Je descends en même temps qu’un couple avec leur chien, on se dépassera plusieurs fois avec nos arrêts respectifs. Ils motivent leur chien en lui lançant un bâton. Quelle énergie ! Je jouerai avec lui pendant quelques secondes pendant une pause, ça rebooste ! Seul problème pour moi : mon genou droit me lance terriblement. J’ai l’habitude d’avoir mal durant les descentes, mais là, cela me tire jusque dans les orteils et j’ai les larmes qui perlent au coin des yeux. Je n’ai pas trop le choix de toute façon, il faut que j’avance, mais j’espère que c’est juste un petit nerf qui s’est coincé et que ça sera rétabli après une nuit de repos…
Je retrouve la
voiture vers 15h30, soit après 3 heures de randonnée environ. Plutôt bon timing vu mon énergie et la difficulté (relative, mais surtout non anticipée).

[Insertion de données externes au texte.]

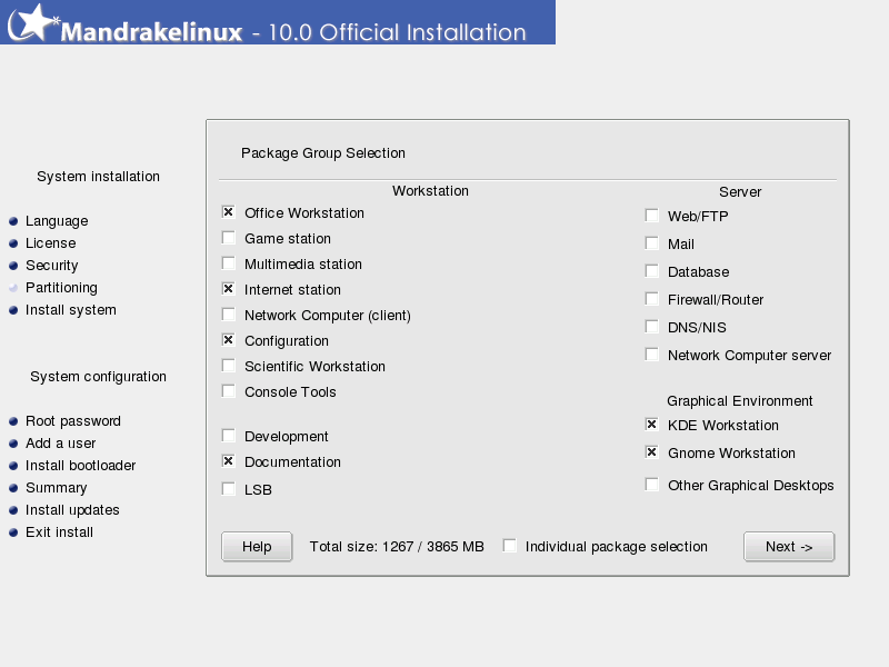 This level of install takes more time, but gives you the ability to fine tune your system at the program level. The only down side is that you might be wading through a VERY LONG List of programs. The package list for Mandrake Linux Version 10 lists 4674 programs you can select from. If you want a REALLY long list of available packages, try Debian Testing install, it contains 16343 packages. Don’t believe me check out this text file.
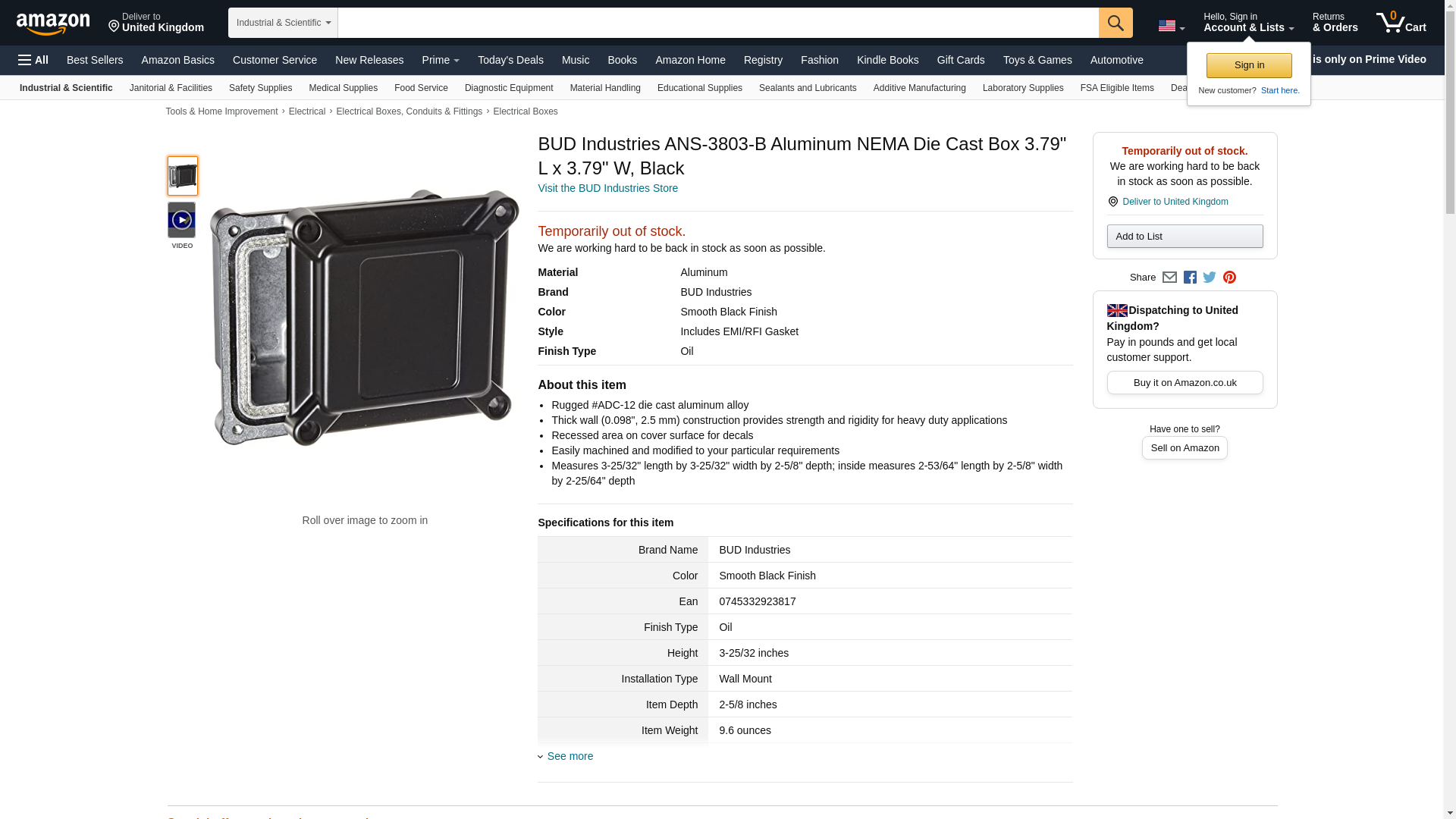 Bud Industries Enclosure, Emi/rfi, Aluminium, Black - ANS-3803-B

Trouvant qu’il est encore un peu tôt pour prendre le chemin du retour, et n’étant qu’à quelques minutes du Passo Giau, je décide d’y faire un crochet. Très bonne pioche, car les paysages y sont sublimes. Un de mes cols préféré pour sûr !
Je grimperai un peu à l’arrière de la chapelle pour prendre de la hauteur, c’est magnifique. Un orage approche, l’ambiance est électrique, pesante, les rafales de vent se lèvent, on se croirait à l’aube de l’apocalypse.
Parfois, des rayons lumineux transpercent le ciel (sur la photo, ceci est amplifié par le flare, mais on pouvait quand même les voir en vrai aussi).
J’entends un des photographes présents au sommet dire en anglais que la tempête s’approche très rapidement. Je prends cela comme le signal du départ et entame la descente. J’ai bien fait, car même pas 2 minutes après être arrivée sur le parking, je me suis pris une immense averse qui m’aurait trempée en quelques secondes. Ouf, je suis restée sèche !
Journée qui s’achève en beauté, je prends cette fois-ci définitivement le chemin du retour. Comme d’habitude, soirée douche (franchement tiède, l’eau ne chauffera vraiment qu’une seule fois du séjour), apéro, lecture, dodo.